Grau (nr. 365/1)
The Van Abbemuseum Collection consists of over 2800 artworks. We publish texts and images on an ongoing basis, but this record is currently in the process of being documented.
'Grau (no.365/2)' by the German artist Gerhard Richter is a completely grey painting. It is done in oils and has a grainy texture, probably as a result of using a paint roller.
Gerhard Richter made several grey paintings. With broad or narrow palette knives, paintbrushes and paint rollers, he applied all sorts of coarse and fine-grained textures onto the canvas. In this series of paintings, he used only the colour grey because this was most neutral for him and was least like an illusion. They are paintings which do not tell stories and do not refer to anything other than themselves. In this series, Richter shows the painting as a surface, the skin of the painting.

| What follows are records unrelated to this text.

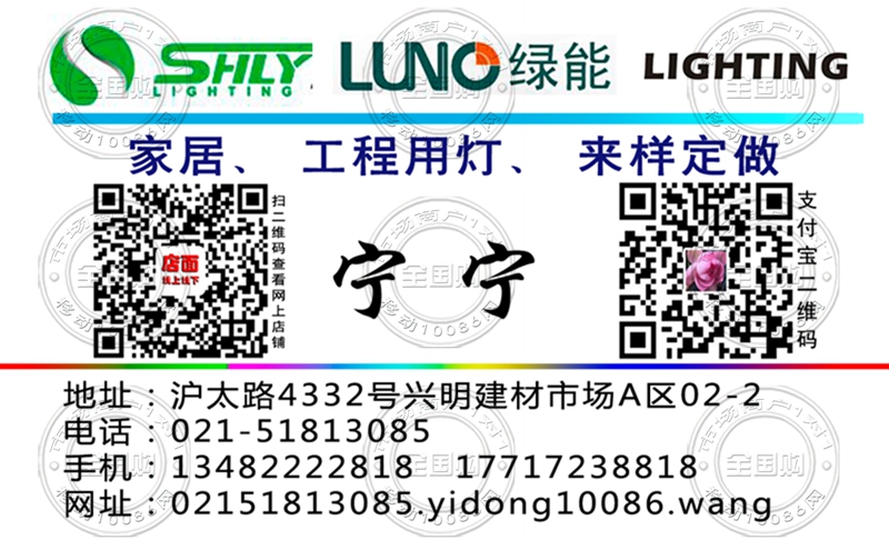 上海家居、 工程用灯、 来样定做名片-13482222818
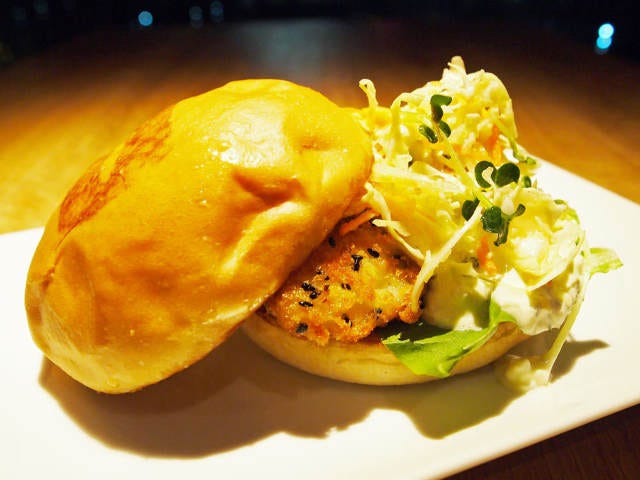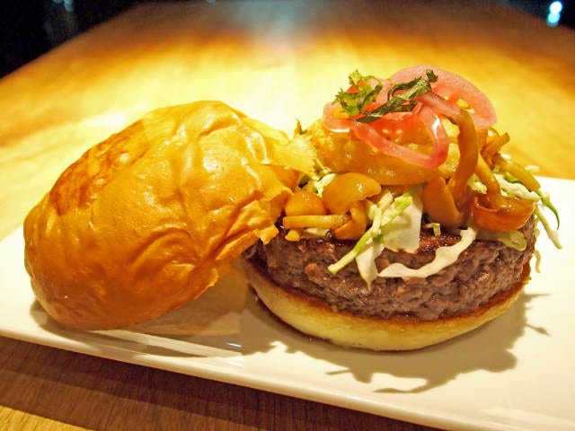 日本上陸を記念して生まれた日本限定のメニューもある。それが写真上の「サムライバーガー」。たまり醤油をベースにした甘口のテリヤキソースを絡めたパテに、レンコンの天ぷらとナメコを一緒に挟んだ日本らしい食材を使った一品だ。さらに大葉、キャベツ、レッドオニオンのピクルスが入って、さっぱりとしたあと味を生み出してくれる。レンコンの天ぷらは、衣にクラフトビールを加えており、香り豊かでふわふわサクサクの食感。これだけでも十分においしいのだが、これをバーガーに挟むことでジューシーなパテとシャキシャキした食感の両方を味わえる。ハンバーガーを超えて、一つの創作料理として楽しめる。
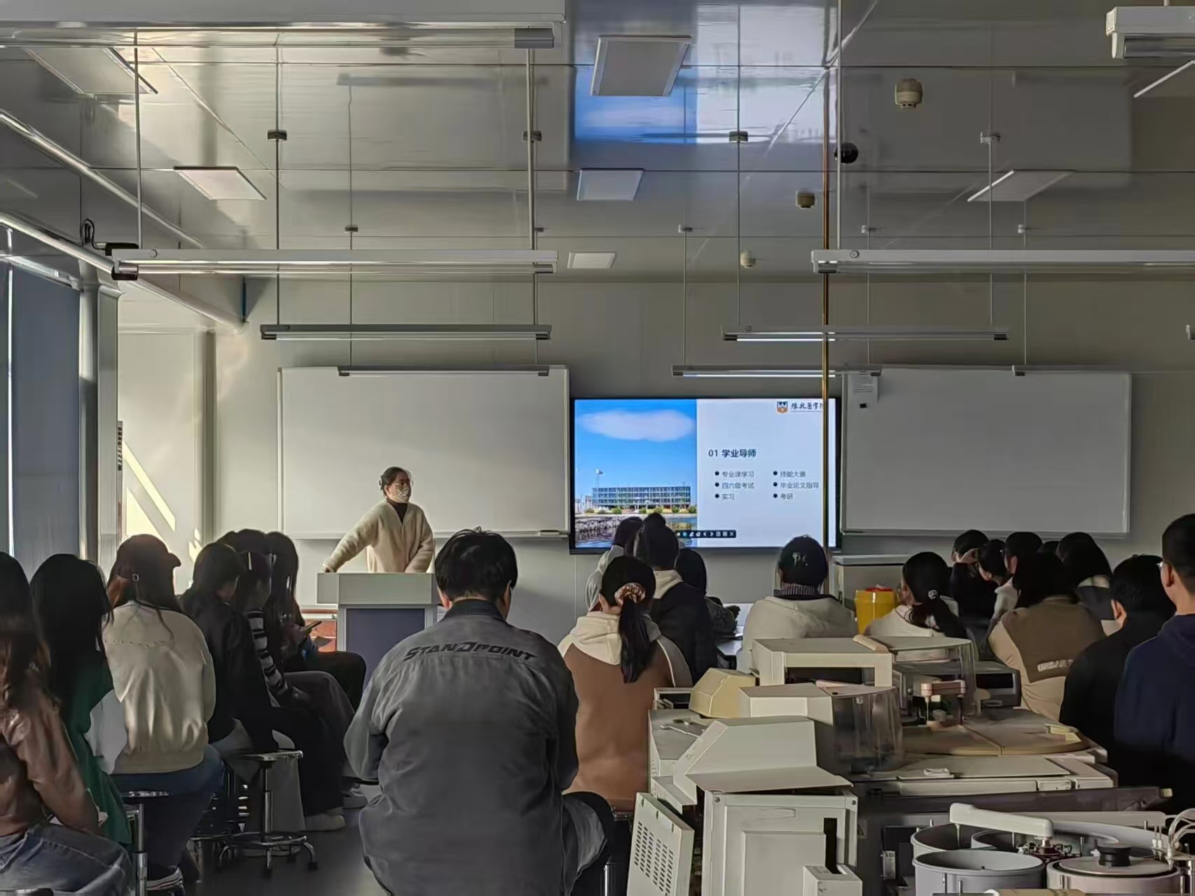 11月12日,2025级医学检验技术专升本181班-182班的学生们在学业导师郭亚飞的引领下,于笃学楼第八实验室开展了以“学业导师见面会”为主题的学业导师会议。会议伊始,郭亚飞老师首先细致询问了同学们的学习状况及普遍存在的疑问,对课程重点和时间管理进行了全面的指导,并强调了大三阶段应及早确立目标,注重理论与实践相结合。随后,郭亚飞老师还详细阐述了本学年的指导计划与导师职责,深入剖析了专业培养目标和课程体系,既提升了同学们的专业认同感,也给出了阶段性的学习规划与选课建议,助力同学们提高自主学习能力。在互动环节,同学们积极提出关于时间管理、考研和考公等问题,郭亚飞老师不仅耐心解答每一个疑问,更是结合历年经验,给出了切实可行的建议。本次指导会议不仅让同学们明确了学习任务,更坚定了他们学业发展的信心,尤其在学习方法与目标设定方面,同学们获得了具有针对性的指导。
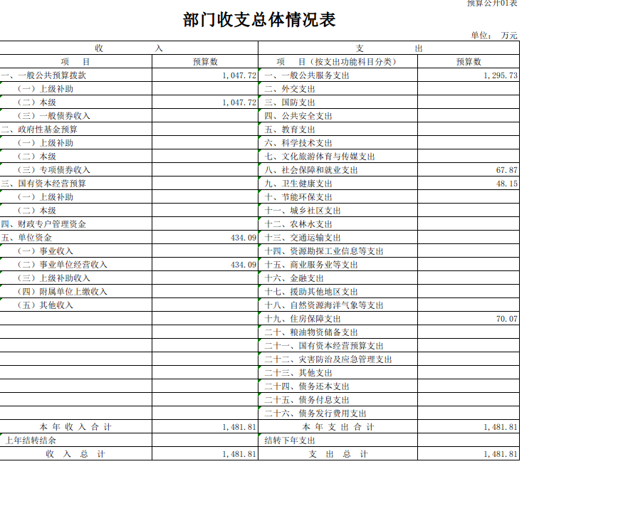一、部门收支总体情况说明
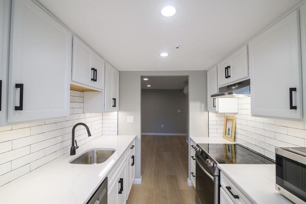 Beautifully renovated corner unit! This sun-filled first-floor 2BR/2BA condo in Melrose offers the perfect blend of style, comfort, and convenience. The spacious living room provides flexibility create an open-concept feel or use the area off the kitchen as a dining space. The updated kitchen features quartz countertops, stainless steel appliances, recessed lighting, and in-unit laundry. The bright primary bedroom includes a large walk-in closet and marble vanity bath, while the second bedroom also features a walk-in closet and marble vanity bath. Building includes an elevator, plus two deeded parking spaces one private garage and one outdoor. Enjoy resort-style amenities: indoor/outdoor pools, tennis courts, grilling areas, and beautifully landscaped grounds. Nearby to Whole Foods, shops, restaurants, coffee, and commuter rail.Information deemed reliable but not guaranteed. Buyers and agents to perform their own due diligence.
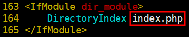 sed -i 's/DirectoryIndex index.html/DirectoryIndex index.php/g' /etc/httpd/conf/httpd.conf
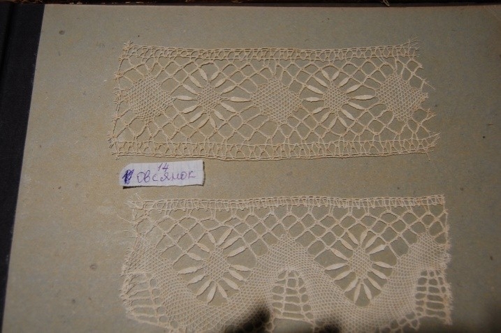 «В Рыбной слободе плели из льна одноцветное парное и численное (без предварительного рисунка) кружево самого простого рисунка… Своего изобретения не возникло, узоры были завезены сюда в разное время и отовсюду. Мастерицы не заботились о сохранении сколков в порядке, а возможно, и не умели делать их, т.к. велики искажения».
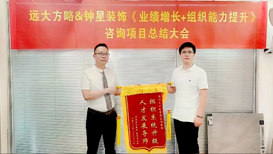 經過半年的努力,江蘇鐘星建設集團-裝飾事業部(以下簡稱“ 鐘星建設”)攜手遠大方略《支撐業績增量的組織建設》咨詢項目圓滿結束,順利進入成果驗收階段。在公司全體員工和老師的積極配合與辛苦付出下,成功為公司打造了一個支撐業績增長的組織團隊,推動企業持續增長。
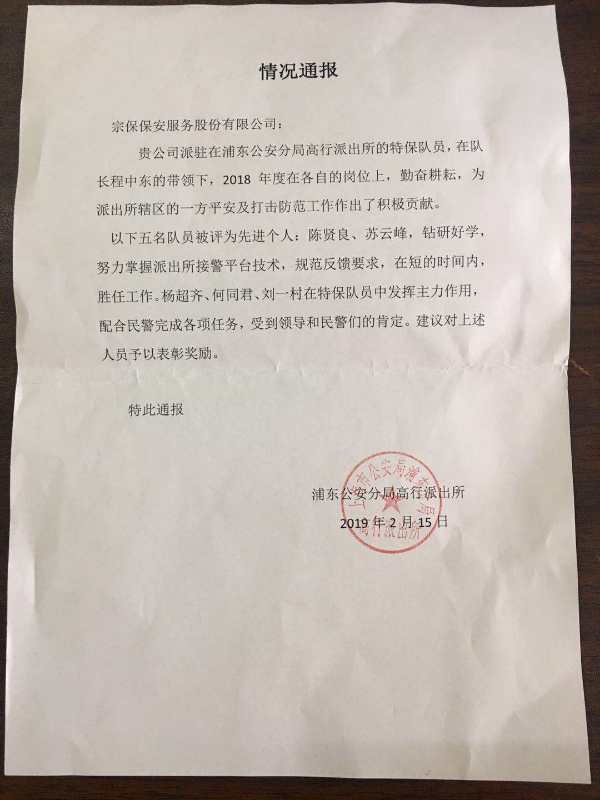 高行派出所副所長(zhǎng)朱偉青和警長(zhǎng)姚志祥出席了會(huì)議,對(duì)2018年工作進(jìn)行了總結(jié),并做出了2019年工作計(jì)劃部署。會(huì)上對(duì)2018年度先進(jìn)保安個(gè)人進(jìn)行表彰并獎(jiǎng)勵(lì)。宗保公司駐高行項(xiàng)目隊(duì)員:陳賢良、蘇云峰、楊超齊、何同君、劉一村由于平時(shí)工作表現(xiàn)出色,受到了表彰及獎(jiǎng)勵(lì)。
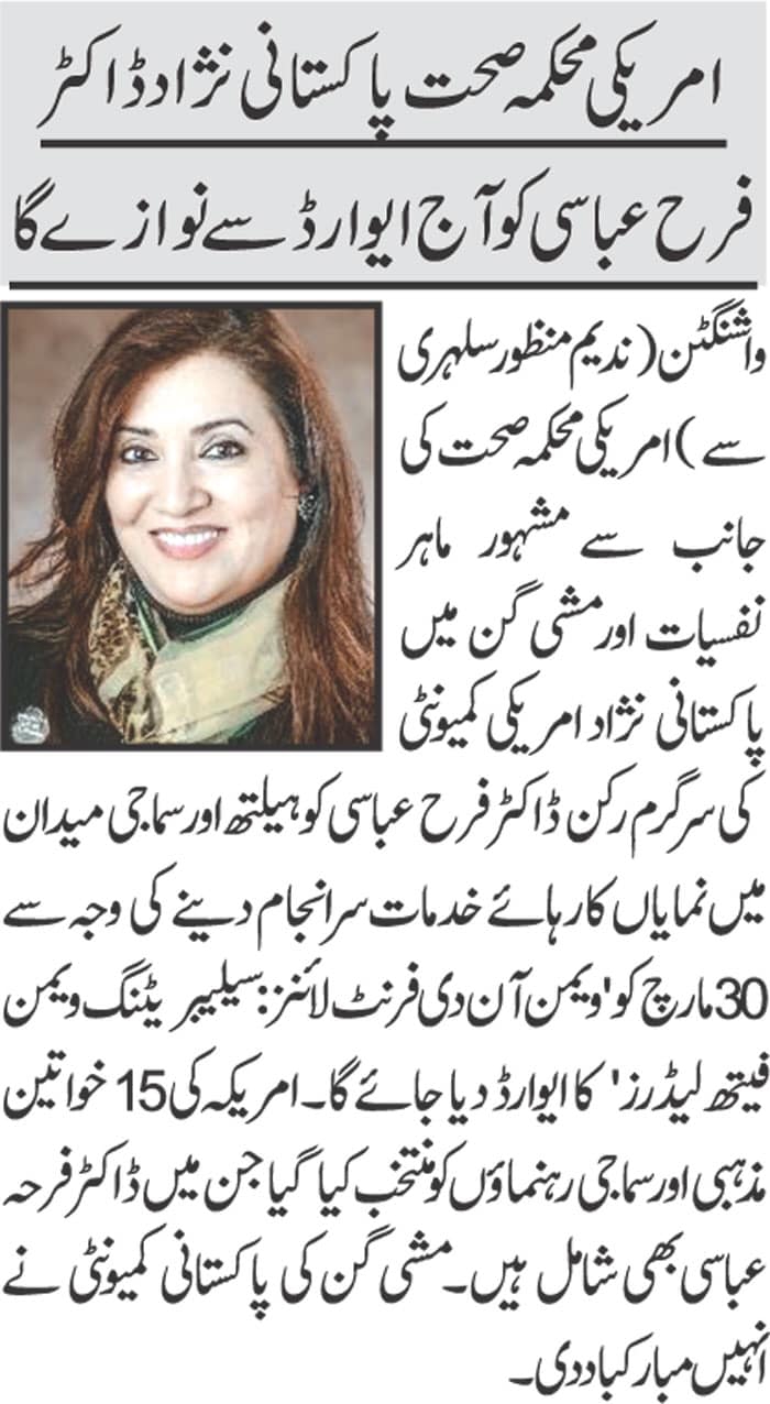 امریکی محکمہ صحت پاکستانی نژاد ڈاکٹر فرح عباسی کو آج ایوارڈ سے نوازے گا

His work is very diverse and his themes vary from photo-realistic landscapes and portraits to enlarged colour samples from paint shops. His work is an examination of the different possibilities of painting. He is prepared to paint everything in every conceivable way as long as his work does not start to belong to one particular style. He does not follow any system, has no programme and does not have any personal preferences either. Richter considers that theorizing about art is pointless because every theory simply replaces another, and all the arguments are based on coincidence. He said: “I do not have a motif, only motivation.” He is a painter and wants to show what is possible with and in painting.